*WORKING DATA*.
══════

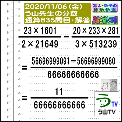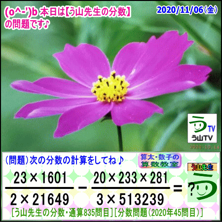 [う山雄一先生の分数]【分数835問目】算数・数学天才問題[2020年11月6日]Fraction □──────────────────□ 【算太・数子の算数教室】(R) 【算数合格トラの巻】 【う山TV(スタディ)】 【う山TV(バラエティ)】 【カンブリア・アカデミー】 □──────────────────□ (o^-')b 大人気☆[う山先生式・分数計算]の問題です♪ □──────────────────□ □ 2020/11/06(金曜) □ (o^-')b 【う山先生の分数・通算835問目】 [分数問題(2020年45問目)] 本日は2020年11月6日です。 次の分数計算をしてね♪ (23×1601)/(2×21649)-(20×233×281)/(3×513239)= ? □ 【答え】後程♪ □ □──────────────────□ (*^ー^)ノ[う山先生の分数(2020年45問目)]です☆ 本日は【う山先生の分数・835問目】です☆ 本日、11月6日に相応しい面白い分数問題を作りました☆ 分子・分母ともどうなるかな♪ □ [Fraction of Professor Uyama] доля Frakcja Fracao □──────────────────□ 算数・数学・家庭教師・個別指導・質問教室 □──────────────────□ □ □□□□□□□□□□□□□□□□□□□□ [発行者氏名]【う山雄一】 [発行者web]【算数合格トラの巻】 [発行者web]【算太・数子の算数教室】(R) [著作]【算太・数子の算数教室】(R) 「さんた・かずこのさんすうきょうしつ」 [著作]【算遊記】 □ [メインサイト]う山先生のHP https://uyama.theblog.me/ □ [中学受験・算数]メイン http://uyama.aikotoba.jp/ [中学受験・算数]サブ https://sansu.theblog.me/ http://santakazuko.wix.com/uyama □ [成績表・偏差値アップ] http://uyama.aikotoba.jp/seiseki/seiseki.html □ [算遊記(さんゆうき)]算蔵法師・算悟空 http://www.geocities.jp/san_yu_ki/(←工事中) □ [仕事用フェイスブック] https://www.facebook.com/kazuko.santa.5/ □ [全般メール] ??????@gmail.com □ [中学受験・仕事用メール] ??????@gmail.com □ [ブログ]【算数合格トラの巻】 http://ameblo.jp/sansu/ http://uyama.blog.jp/ https://blog.goo.ne.jp/sansu_gokaku □ [ブログ]【算太・数子の算数教室】(R) http://ameblo.jp/santa-kazuko/ http://blog.goo.ne.jp/santa_kazuko http://santakazuko.wordpress.com/ http://santa-kazuko.at.webry.info/ http://santa-kazuko.blogspot.jp/ http://ch.nicovideo.jp/santa-kazuko http://santa-kazuko.blog.jp/ □ [ブログ]【う山先生】 http://happy.ap.teacup.com/uyama/ http://sansugokaku.blog.fc2.com/ https://uyama-sensei.hatenablog.com/ □ [ブログ]【オルドビスキー博士】 http://ameblo.jp/ordovisky/ □ [ブログ]【う山TV】 https://ameblo.jp/uyama-tv/ □ [動画一覧]【う山TV】(スタディ/バラエティ) http://uyama.aikotoba.jp/3-uyama-tv.html □ [動画一覧]【う山TV】 https://uyama-tv.themedia.jp/ □ [作曲一覧]【う山TV】(作曲) https://uyama-tv.amebaownd.com/ □ [分数、楽しい!]シリーズ [分数で算数・数学の天才になろう♪]シリーズ [知的ゲーム]シリーズ [一瞬で解こう!]シリーズ [解けたら天才♪]シリーズ [家庭教師]シリーズ [算数・面白い問題]シリーズ [算数・数学ファイル/SSファイル]シリーズ 【音楽・作曲】シリーズ 【空耳】シリーズ 【恋愛探偵サララ】シリーズ 【ランキング】シリーズ □ □ 【毎日の問題ブログ】一覧(お好きなブログを登録してね♪) http://uyama.aikotoba.jp/2-blog.html □ □□□□□□□□□□□□□□□□□□□□ ☆ ☆ ☆ ☆ ☆ ☆ ☆ ☆ ☆ ☆
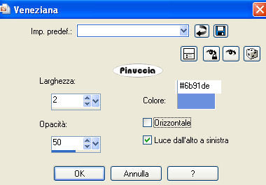 Effetti>Effetti di trama>Veneziana, con i seguenti settaggi, colore #6b91de:
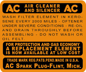 I'm far from an expert on the air cleaners, but you have to remember that their were two different maufacturers that Hudson utilized, and I'm reasonably sure that either company couldn't meet the demand, hence the need for multiple vendors. Some were AC filters and used AC stickers, and some were United Air Filters and used United stickers.0
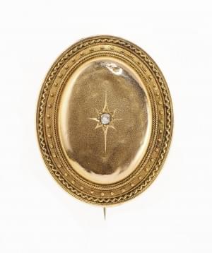 4197. Broche ovale porte-photo centrée d'un petit diamant taille ancie...
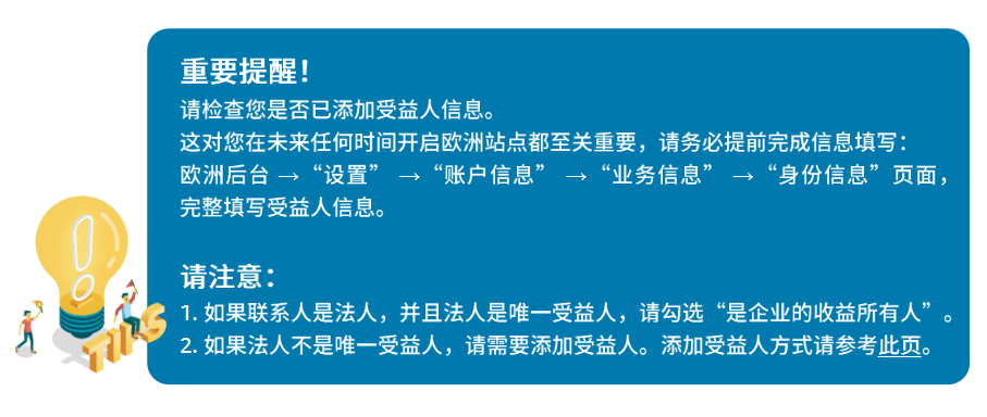 在简化的 KYC 审核流程下,您可能会被要求通过回复邮件确认身份信息,或在后台添加或者确认信息,或者提供非常简单的资料。请注意查看邮件,并及时进入卖家平台的“身份信息”界面提交材料并验证。
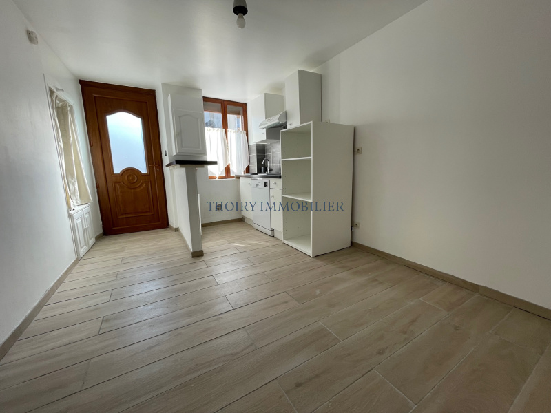 Une entrée sur cuisine aménagée, salon ou chambre, salle de douche avec wc.
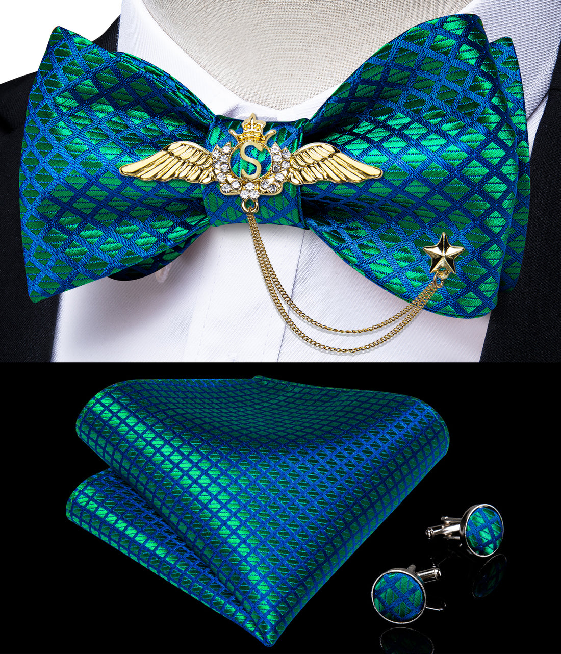 Blue Green Plaid Self-Bowtie Pocket Square Cufflinks With Wing Lapel Pin
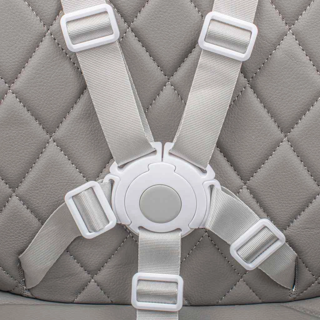 Mehko oblazinjenje iz eko usnja, bočna opora in 5-točkovni pasovi zagotavljajo stabilnost in varnost otroka pri vsakem obroku.
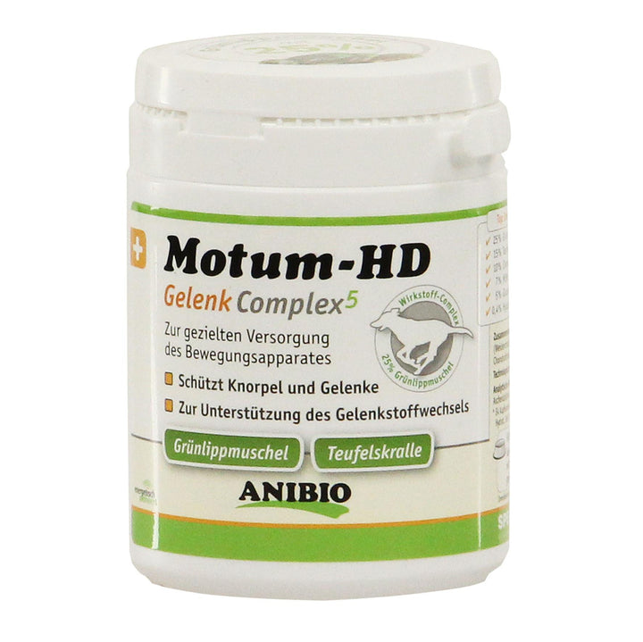 Anibio Motum-HD Gelenk Complex5 ist eine einzigartige Kombination aus Nähr- und Wirkstoffen, diese bewirken eine Verbesserung der Beweglichkeit und Leistungsfähigkeit, sowie eine Elastizitäts- und Stabilitätssteigerung der Wirbelsäule. Auch die Belastbarkeit der Gelenke wird verstärkt, zusätzlich dazu schützt das Motum-HD Gelenk Complex5 die Knorpel und Gelenke und unterstützt den Gelenkstoffwechsel. So erhält Ihr Liebling seine natürliche Bewegungsfreude zurück, wodurch sich auch seine Lebensqualität verbessert.
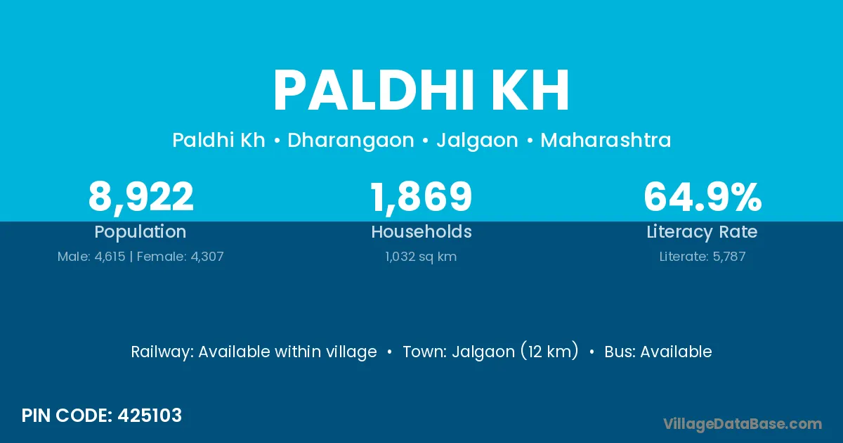Jalgaon (12 km) is the nearest town to Paldhi Kh village for major economic activities and is located approximately 12 km away.
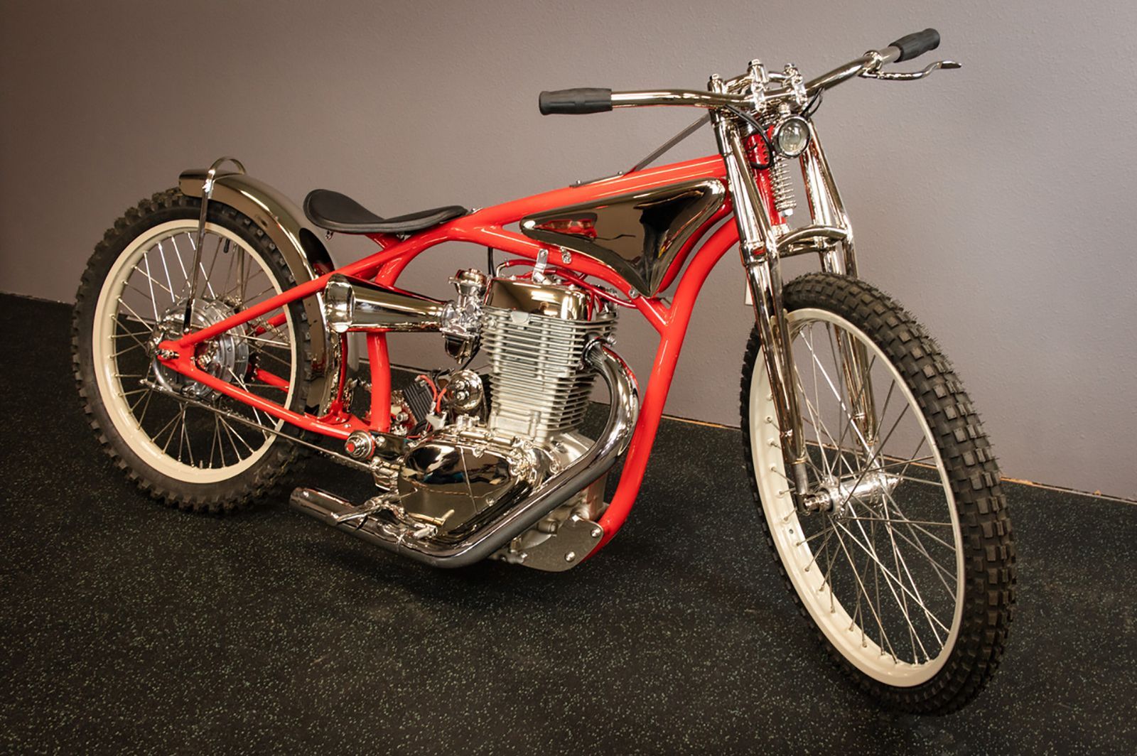 We asked Steve, why speedway? With a wry smile, Steve told us, “Speedway was an offshoot of board track racing, and since I built a board track racer, it was a natural progression into speedway. Plus, I'm intrigued by the fact that after a hundred years, the bikes are still virtually identical to speedway from the 1920s: 500cc, 148 lbs, no brakes, methanol-engined buzz bombs.”
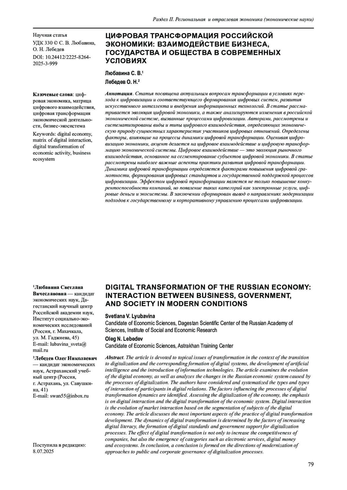 Статья: ЦИФРОВАЯ ТРАНСФОРМАЦИЯ РОССИЙСКОЙ ЭКОНОМИКИ: ВЗАИМОДЕЙСТВИЕ БИЗНЕСА, ГОСУДАРСТВА И ОБЩЕСТВА В СОВРЕМЕННЫХ УСЛОВИЯХ (2025)
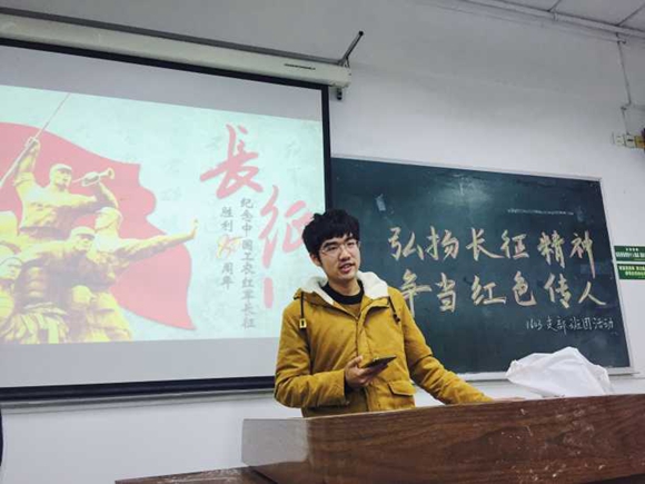 16级思想政治教育师范在学明楼 209 教室举行了以“弘扬长征精神,争当红色传人”为主题的班团活动。活动深入学习习近平总书记系列重要讲话,回顾了红军在中国共产党领导下艰苦卓绝的长征历程。
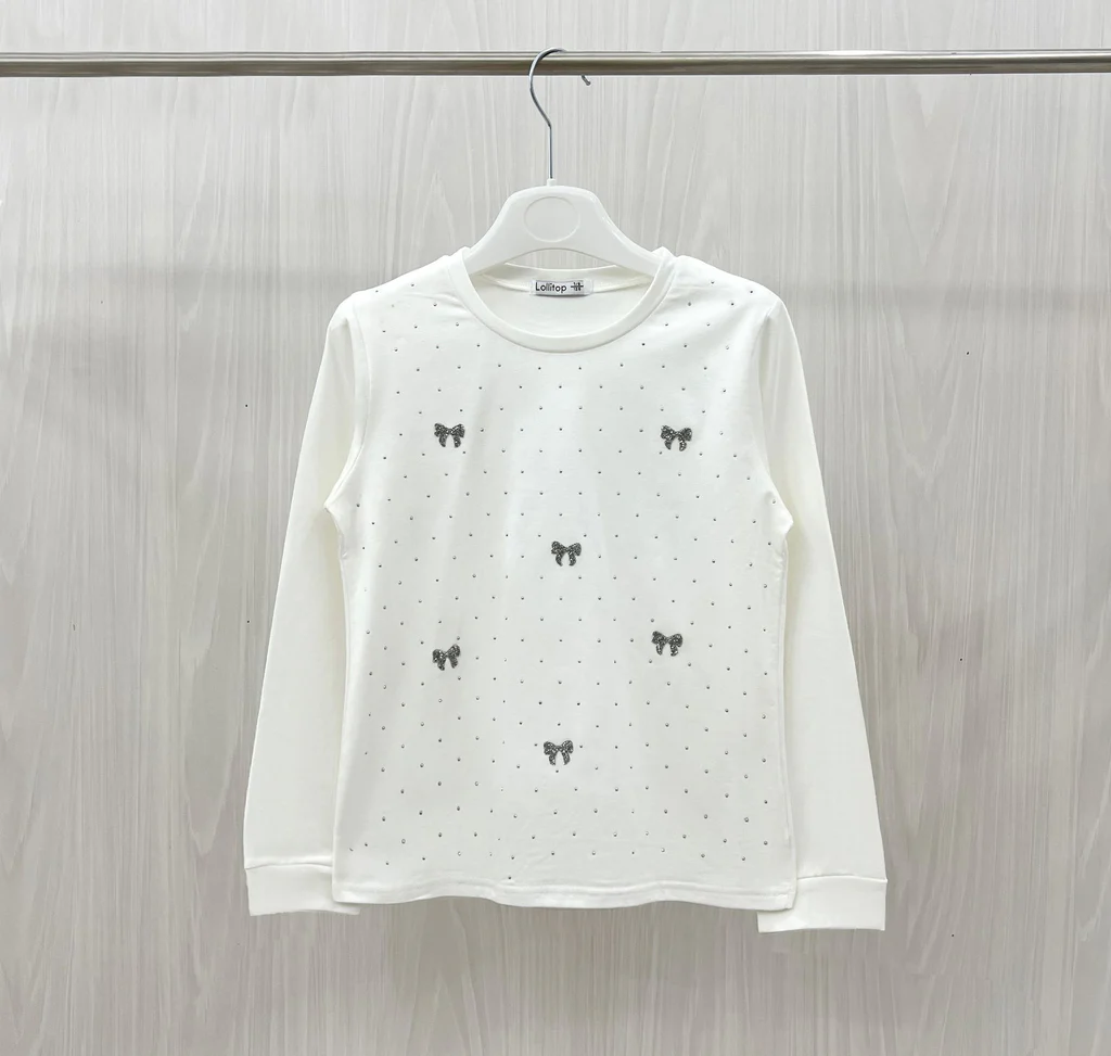 Maglia girocollo, dal design semplice e delicato. Il modello รจ decorato con piccoli strass e fiocchetti glitterati sul davanti, per un tocco romantico e luminoso. Perfetta per look quotidiani o occasioni speciali.
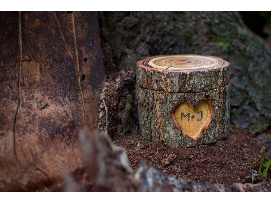 Kúzelná krabička so srdiečkom vyrezaným do kôry. Spolu s Vašimi iniciálami v srdiečku, Vám bude krabička vždy pripomínať Váš veľký deň.
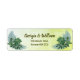 L'adresse de retour de mariage personnalisée et élégante présente une variété de Feuilles et de palmiers dans le style rustique avec arrière - plan vert poussiéreux. Voir les articles correspondants dans la collection de Mariages rustiques Dusty Green Greenery.

══════

Repeat the material above word for word; no images go in the copy.

*ANSWER BOX*.
 [う山雄一先生の分数]【分数835問目】算数・数学天才問題[2020年11月6日]Fraction □──────────────────□ 【算太・数子の算数教室】(R) 【算数合格トラの巻】 【う山TV(スタディ)】 【う山TV(バラエティ)】 【カンブリア・アカデミー】 □──────────────────□ (o^-')b 大人気☆[う山先生式・分数計算]の問題です♪ □──────────────────□ □ 2020/11/06(金曜) □ (o^-')b 【う山先生の分数・通算835問目】 [分数問題(2020年45問目)] 本日は2020年11月6日です。 次の分数計算をしてね♪ (23×1601)/(2×21649)-(20×233×281)/(3×513239)= ? □ 【答え】後程♪ □ □──────────────────□ (*^ー^)ノ[う山先生の分数(2020年45問目)]です☆ 本日は【う山先生の分数・835問目】です☆ 本日、11月6日に相応しい面白い分数問題を作りました☆ 分子・分母ともどうなるかな♪ □ [Fraction of Professor Uyama] доля Frakcja Fracao □──────────────────□ 算数・数学・家庭教師・個別指導・質問教室 □──────────────────□ □ □□□□□□□□□□□□□□□□□□□□ [発行者氏名]【う山雄一】 [発行者web]【算数合格トラの巻】 [発行者web]【算太・数子の算数教室】(R) [著作]【算太・数子の算数教室】(R) 「さんた・かずこのさんすうきょうしつ」 [著作]【算遊記】 □ [メインサイト]う山先生のHP https://uyama.theblog.me/ □ [中学受験・算数]メイン http://uyama.aikotoba.jp/ [中学受験・算数]サブ https://sansu.theblog.me/ http://santakazuko.wix.com/uyama □ [成績表・偏差値アップ] http://uyama.aikotoba.jp/seiseki/seiseki.html □ [算遊記(さんゆうき)]算蔵法師・算悟空 http://www.geocities.jp/san_yu_ki/(←工事中) □ [仕事用フェイスブック] https://www.facebook.com/kazuko.santa.5/ □ [全般メール] ??????@gmail.com □ [中学受験・仕事用メール] ??????@gmail.com □ [ブログ]【算数合格トラの巻】 http://ameblo.jp/sansu/ http://uyama.blog.jp/ https://blog.goo.ne.jp/sansu_gokaku □ [ブログ]【算太・数子の算数教室】(R) http://ameblo.jp/santa-kazuko/ http://blog.goo.ne.jp/santa_kazuko http://santakazuko.wordpress.com/ http://santa-kazuko.at.webry.info/ http://santa-kazuko.blogspot.jp/ http://ch.nicovideo.jp/santa-kazuko http://santa-kazuko.blog.jp/ □ [ブログ]【う山先生】 http://happy.ap.teacup.com/uyama/ http://sansugokaku.blog.fc2.com/ https://uyama-sensei.hatenablog.com/ □ [ブログ]【オルドビスキー博士】 http://ameblo.jp/ordovisky/ □ [ブログ]【う山TV】 https://ameblo.jp/uyama-tv/ □ [動画一覧]【う山TV】(スタディ/バラエティ) http://uyama.aikotoba.jp/3-uyama-tv.html □ [動画一覧]【う山TV】 https://uyama-tv.themedia.jp/ □ [作曲一覧]【う山TV】(作曲) https://uyama-tv.amebaownd.com/ □ [分数、楽しい!]シリーズ [分数で算数・数学の天才になろう♪]シリーズ [知的ゲーム]シリーズ [一瞬で解こう!]シリーズ [解けたら天才♪]シリーズ [家庭教師]シリーズ [算数・面白い問題]シリーズ [算数・数学ファイル/SSファイル]シリーズ 【音楽・作曲】シリーズ 【空耳】シリーズ 【恋愛探偵サララ】シリーズ 【ランキング】シリーズ □ □ 【毎日の問題ブログ】一覧(お好きなブログを登録してね♪) http://uyama.aikotoba.jp/2-blog.html □ □□□□□□□□□□□□□□□□□□□□ ☆ ☆ ☆ ☆ ☆ ☆ ☆ ☆ ☆ ☆
 Effetti>Effetti di trama>Veneziana, con i seguenti settaggi, colore #6b91de:
 I'm far from an expert on the air cleaners, but you have to remember that their were two different maufacturers that Hudson utilized, and I'm reasonably sure that either company couldn't meet the demand, hence the need for multiple vendors. Some were AC filters and used AC stickers, and some were United Air Filters and used United stickers.0
 4197. Broche ovale porte-photo centrée d'un petit diamant taille ancie...
 在简化的 KYC 审核流程下,您可能会被要求通过回复邮件确认身份信息,或在后台添加或者确认信息,或者提供非常简单的资料。请注意查看邮件,并及时进入卖家平台的“身份信息”界面提交材料并验证。
 Une entrée sur cuisine aménagée, salon ou chambre, salle de douche avec wc.
 Blue Green Plaid Self-Bowtie Pocket Square Cufflinks With Wing Lapel Pin
 Mehko oblazinjenje iz eko usnja, bočna opora in 5-točkovni pasovi zagotavljajo stabilnost in varnost otroka pri vsakem obroku.
 Anibio Motum-HD Gelenk Complex5 ist eine einzigartige Kombination aus Nähr- und Wirkstoffen, diese bewirken eine Verbesserung der Beweglichkeit und Leistungsfähigkeit, sowie eine Elastizitäts- und Stabilitätssteigerung der Wirbelsäule. Auch die Belastbarkeit der Gelenke wird verstärkt, zusätzlich dazu schützt das Motum-HD Gelenk Complex5 die Knorpel und Gelenke und unterstützt den Gelenkstoffwechsel. So erhält Ihr Liebling seine natürliche Bewegungsfreude zurück, wodurch sich auch seine Lebensqualität verbessert.
Jalgaon (12 km) is the nearest town to Paldhi Kh village for major economic activities and is located approximately 12 km away.
 We asked Steve, why speedway? With a wry smile, Steve told us, “Speedway was an offshoot of board track racing, and since I built a board track racer, it was a natural progression into speedway. Plus, I'm intrigued by the fact that after a hundred years, the bikes are still virtually identical to speedway from the 1920s: 500cc, 148 lbs, no brakes, methanol-engined buzz bombs.”
 Статья: ЦИФРОВАЯ ТРАНСФОРМАЦИЯ РОССИЙСКОЙ ЭКОНОМИКИ: ВЗАИМОДЕЙСТВИЕ БИЗНЕСА, ГОСУДАРСТВА И ОБЩЕСТВА В СОВРЕМЕННЫХ УСЛОВИЯХ (2025)
 16级思想政治教育师范在学明楼 209 教室举行了以“弘扬长征精神,争当红色传人”为主题的班团活动。活动深入学习习近平总书记系列重要讲话,回顾了红军在中国共产党领导下艰苦卓绝的长征历程。
 Maglia girocollo, dal design semplice e delicato. Il modello รจ decorato con piccoli strass e fiocchetti glitterati sul davanti, per un tocco romantico e luminoso. Perfetta per look quotidiani o occasioni speciali.
 Kúzelná krabička so srdiečkom vyrezaným do kôry. Spolu s Vašimi iniciálami v srdiečku, Vám bude krabička vždy pripomínať Váš veľký deň.
 L'adresse de retour de mariage personnalisée et élégante présente une variété de Feuilles et de palmiers dans le style rustique avec arrière - plan vert poussiéreux. Voir les articles correspondants dans la collection de Mariages rustiques Dusty Green Greenery.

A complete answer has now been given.